==== Supplied entries ====

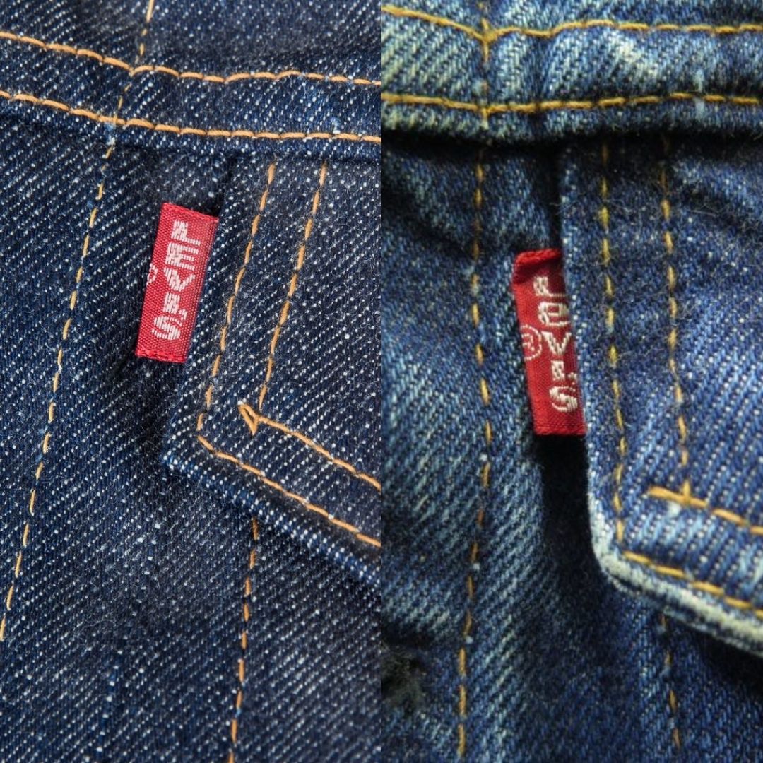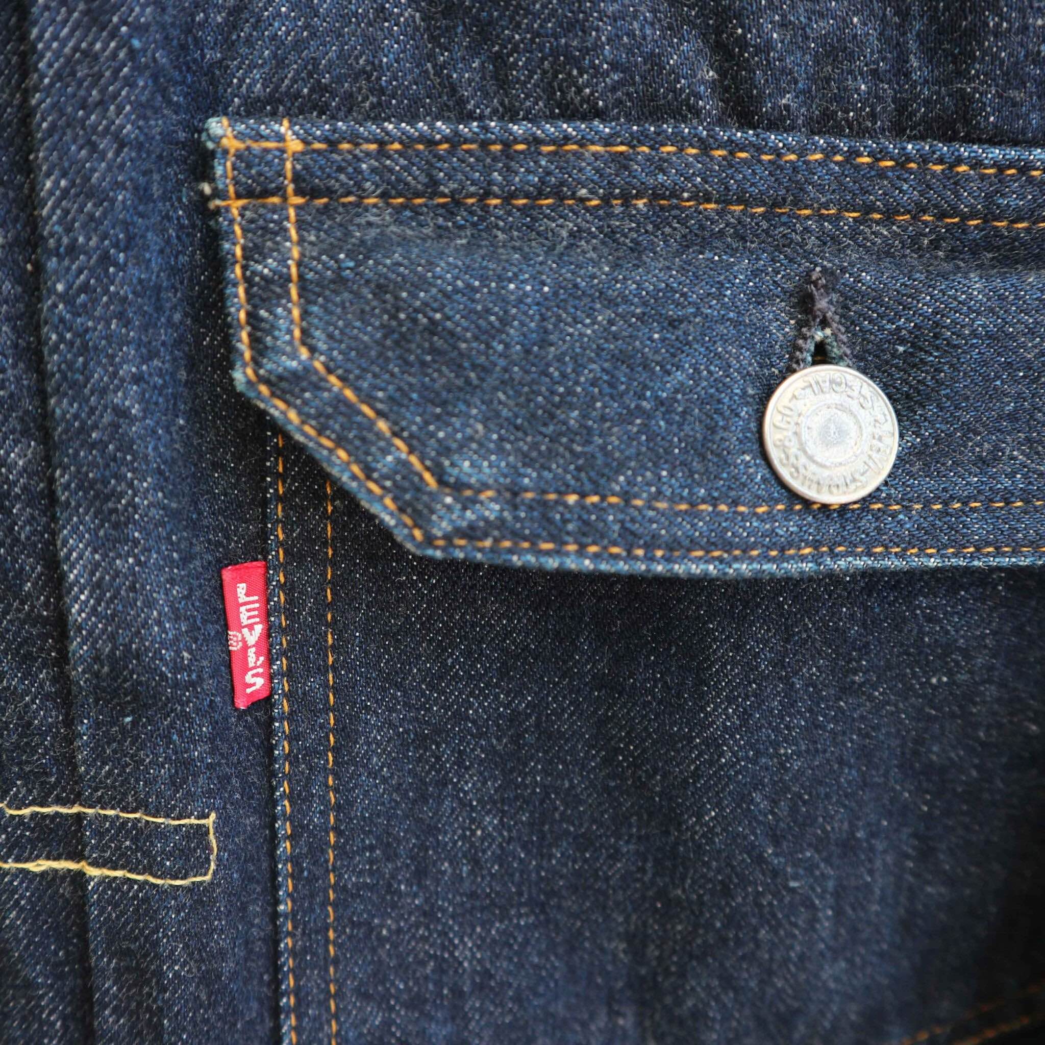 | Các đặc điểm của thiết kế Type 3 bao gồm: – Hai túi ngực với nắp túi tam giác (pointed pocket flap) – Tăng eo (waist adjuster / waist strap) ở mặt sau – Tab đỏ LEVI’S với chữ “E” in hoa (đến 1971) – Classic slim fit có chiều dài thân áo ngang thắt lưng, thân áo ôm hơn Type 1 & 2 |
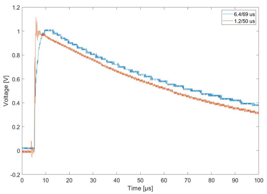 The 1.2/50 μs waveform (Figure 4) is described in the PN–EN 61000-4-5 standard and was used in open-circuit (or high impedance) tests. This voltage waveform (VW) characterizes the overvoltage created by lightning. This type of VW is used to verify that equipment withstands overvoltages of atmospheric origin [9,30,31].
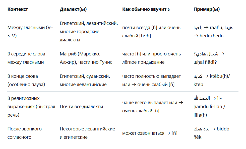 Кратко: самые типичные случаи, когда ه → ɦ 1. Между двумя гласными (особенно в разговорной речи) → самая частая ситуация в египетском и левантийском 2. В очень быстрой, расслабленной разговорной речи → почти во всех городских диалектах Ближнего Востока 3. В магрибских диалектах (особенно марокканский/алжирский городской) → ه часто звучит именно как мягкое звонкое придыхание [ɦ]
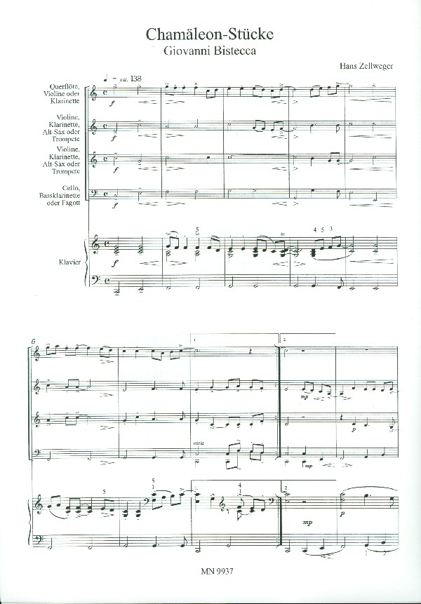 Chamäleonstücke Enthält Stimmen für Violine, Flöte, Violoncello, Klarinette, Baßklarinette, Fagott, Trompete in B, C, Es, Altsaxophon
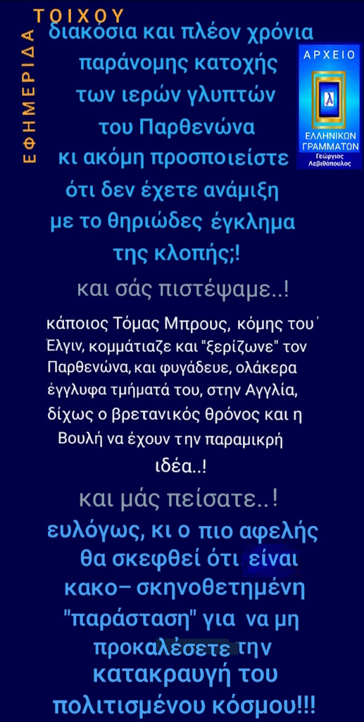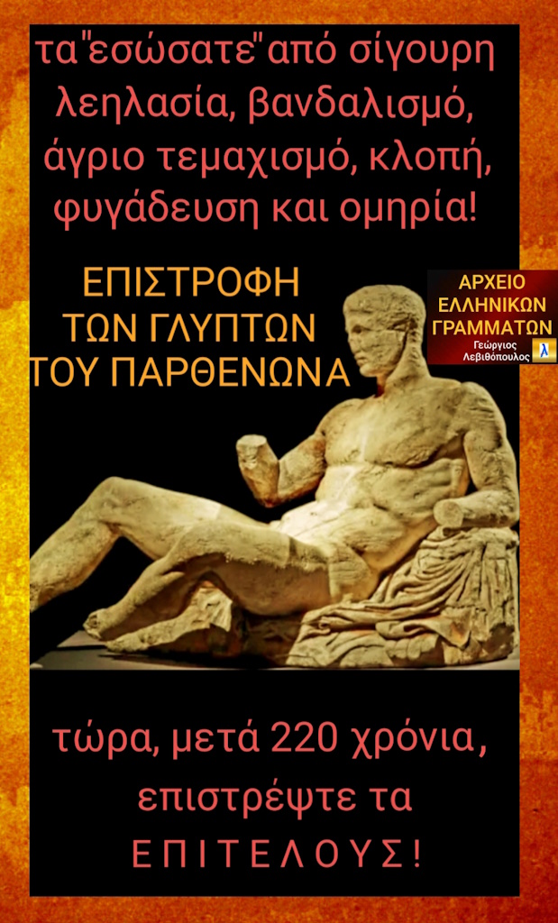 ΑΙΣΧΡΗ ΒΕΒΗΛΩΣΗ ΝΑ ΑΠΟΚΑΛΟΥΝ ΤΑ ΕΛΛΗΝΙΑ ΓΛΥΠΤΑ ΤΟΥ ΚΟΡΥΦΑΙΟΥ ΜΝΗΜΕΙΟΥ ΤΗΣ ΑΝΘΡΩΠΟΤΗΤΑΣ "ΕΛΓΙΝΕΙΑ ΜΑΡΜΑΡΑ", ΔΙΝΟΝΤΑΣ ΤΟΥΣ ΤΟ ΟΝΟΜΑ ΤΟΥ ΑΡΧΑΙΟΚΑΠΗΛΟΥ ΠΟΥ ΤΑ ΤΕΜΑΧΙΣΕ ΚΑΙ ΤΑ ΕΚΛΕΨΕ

====

Word for word, print every record, and leave out any picture.

 | Các đặc điểm của thiết kế Type 3 bao gồm: – Hai túi ngực với nắp túi tam giác (pointed pocket flap) – Tăng eo (waist adjuster / waist strap) ở mặt sau – Tab đỏ LEVI’S với chữ “E” in hoa (đến 1971) – Classic slim fit có chiều dài thân áo ngang thắt lưng, thân áo ôm hơn Type 1 & 2 |
 The 1.2/50 μs waveform (Figure 4) is described in the PN–EN 61000-4-5 standard and was used in open-circuit (or high impedance) tests. This voltage waveform (VW) characterizes the overvoltage created by lightning. This type of VW is used to verify that equipment withstands overvoltages of atmospheric origin [9,30,31].
 Кратко: самые типичные случаи, когда ه → ɦ 1. Между двумя гласными (особенно в разговорной речи) → самая частая ситуация в египетском и левантийском 2. В очень быстрой, расслабленной разговорной речи → почти во всех городских диалектах Ближнего Востока 3. В магрибских диалектах (особенно марокканский/алжирский городской) → ه часто звучит именно как мягкое звонкое придыхание [ɦ]
 Chamäleonstücke Enthält Stimmen für Violine, Flöte, Violoncello, Klarinette, Baßklarinette, Fagott, Trompete in B, C, Es, Altsaxophon
 ΑΙΣΧΡΗ ΒΕΒΗΛΩΣΗ ΝΑ ΑΠΟΚΑΛΟΥΝ ΤΑ ΕΛΛΗΝΙΑ ΓΛΥΠΤΑ ΤΟΥ ΚΟΡΥΦΑΙΟΥ ΜΝΗΜΕΙΟΥ ΤΗΣ ΑΝΘΡΩΠΟΤΗΤΑΣ "ΕΛΓΙΝΕΙΑ ΜΑΡΜΑΡΑ", ΔΙΝΟΝΤΑΣ ΤΟΥΣ ΤΟ ΟΝΟΜΑ ΤΟΥ ΑΡΧΑΙΟΚΑΠΗΛΟΥ ΠΟΥ ΤΑ ΤΕΜΑΧΙΣΕ ΚΑΙ ΤΑ ΕΚΛΕΨΕ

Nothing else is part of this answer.